DAT Data Scale Flashcards
The Vs of Big Data?
Variety (many types) Volume Velocity Veracity (many sources) Value
Define Big Data
Data which is beyond the capacity of traditional processing technologies.
What are the different layers of Data Structuring?
Structured - Well defined model
Semi-structured - Definition embedded within data, eg XML
Quasi-structured - Erratic structure, eg web click streams
Unstructured - No structure, eg image, text
What are the Challenges of Scale?
Infrastructure Architectural complexities Security Data quality Ethics
How to deal with Scale?
Two options:
Apache/Hadoop - Open source framework. Uses non-specialised computers.
Cloud - On demand computing capacity, eg AWS, Azure.

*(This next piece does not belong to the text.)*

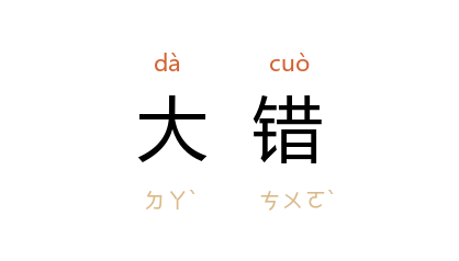 ⒈ 大的错误。见 宋 孙光宪 《北梦琐言》卷十四。错,本谓锉刀,借指错误。 苏轼 诗句本此。参见“六州铁”。

What is Master Data Management?
Organisations capture data about the same real world items, with slight differences in data structure and value.
MDM is setting one dataset as the Canonical Gold Standard, representing the absolute truth for reference.
What are Controlled Vocabularies?
They provide a reference system for data and terms, promoting consistency.
What are the stages of Data Migration?
Project based, not process. Selection Preparation Extraction Transformation Deposition
What are some types of Data Migration?
Database Migration
Application Migration
Business Process Migration
What are the selection criteria for Data Integration Tools?
Future Scalability
Implementation
Support Costs
What is Data Synchronisation?
Ensuring consistency when an organisation has multiple copies of data.
A data steward oversees the day-to-day management of the dataset and sets validation rules. Data owner approves these rules and sets the framework for managing the dataset.
To think about: ownership, updates, format, security, data quality, performance, maintenance.